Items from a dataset
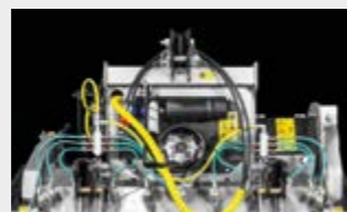
Système d'injection d'eau WSS Basic pour réduire la quantité de poussière et refroidir les outils
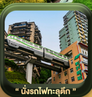
“ นั้งรถไฟทะลุคิก ”

บินตรงลงจงซิ่ง • อุ๋หลง หลุมฟ้าสะพานสวรรค์ • ระเบียบแก่ว • อุทยานเขานางฟ้า หงหยาดัง • นั้งรถไฟทะลุคิก • ศาลาประชาคม (ด้านนอก) • หลงหมินฮ่าว มรดกโลกฟาหิ้นแกะสลักต้าจู้ • วัดหลัวฮั่น • ตึกตะเกียบ • ถนนคนเดินเจียฟางเป่ย์
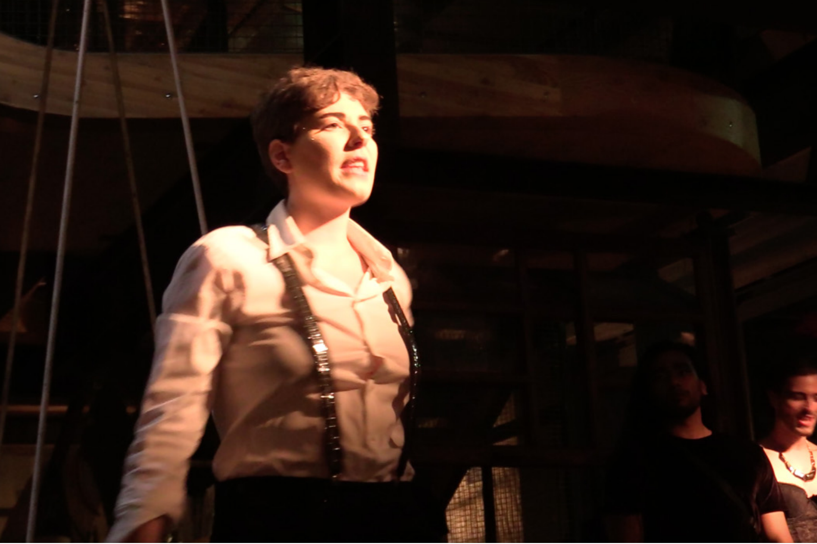
Gloria , performance, 2018.

Performance de lip sync réalisé au sein du collectif Les enfants de dianne aux Magasins Généreux à Paris.
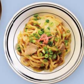
22日昼食・三重県 亀山風味噌焼きうどん
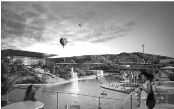
Figure 6. Méga-événement et utopie urbaine, São Paulo Expo©, avec l'aimable autorisation du BIE et de SPE.
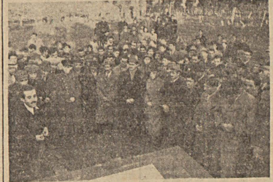
Gençler Akif'in mezarı başında
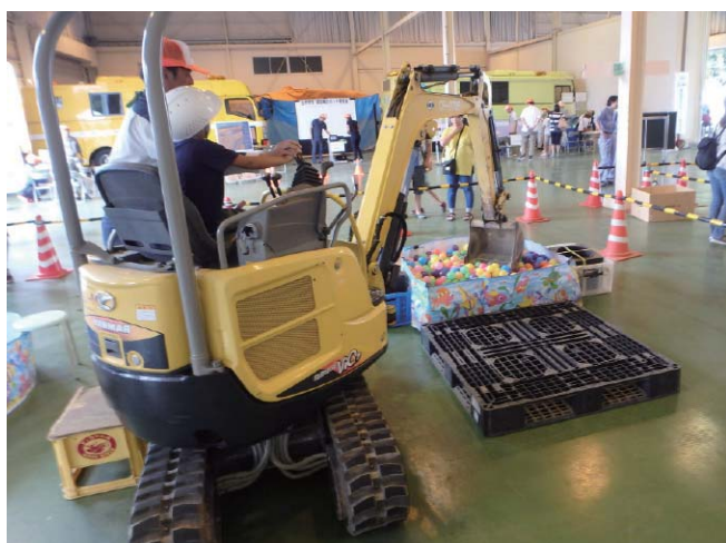
写-9 ミニショベル操作体験

今年は7月27日に開催し、13回目を迎えました。約500名の小学生や親子連れにお越し頂き、橋づくり工作体験やセメント工作体験、高所作業車・キャリアダンプ乗車体験、また同時開催として公益社団法人土木学会の「土木工事で使われるロボット展」も行われ、大変盛況に執り行われました。（写-9・10・11）
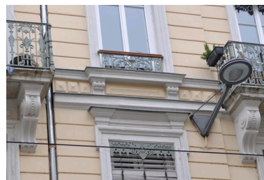
Détail : décor et encadrement des baies, élévation antérieure
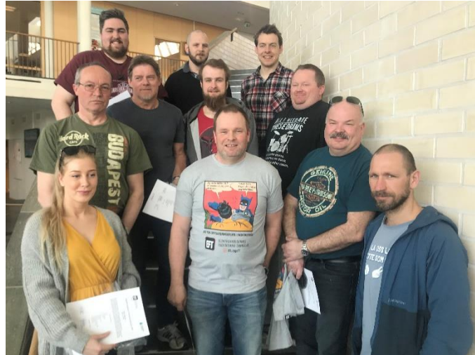
Deltagere på kurset i 2018

Målgruppen for kurset er montører med fagbrev innen Telekom (telekommunikasjonsmontør, telemontør, svakstrømsmontør, samt eldre fagbrev knyttet til samme bransje). Elektrikere som jobber innenfor området kan også delta. Kurset er åpent for alle EL og IT Forbundets medlemmer som går på Landsoverenskomsten for elektrofag.

Exercise prompt: Copy the lines of the records, beginning where the line containing "Gençler Akif'in mezarı başında" appears and continuing through the final line, exactly and with no pictures.

Result of the task:
Gençler Akif'in mezarı başında
写-9 ミニショベル操作体験

今年は7月27日に開催し、13回目を迎えました。約500名の小学生や親子連れにお越し頂き、橋づくり工作体験やセメント工作体験、高所作業車・キャリアダンプ乗車体験、また同時開催として公益社団法人土木学会の「土木工事で使われるロボット展」も行われ、大変盛況に執り行われました。（写-9・10・11）
Détail : décor et encadrement des baies, élévation antérieure
Deltagere på kurset i 2018

Målgruppen for kurset er montører med fagbrev innen Telekom (telekommunikasjonsmontør, telemontør, svakstrømsmontør, samt eldre fagbrev knyttet til samme bransje). Elektrikere som jobber innenfor området kan også delta. Kurset er åpent for alle EL og IT Forbundets medlemmer som går på Landsoverenskomsten for elektrofag.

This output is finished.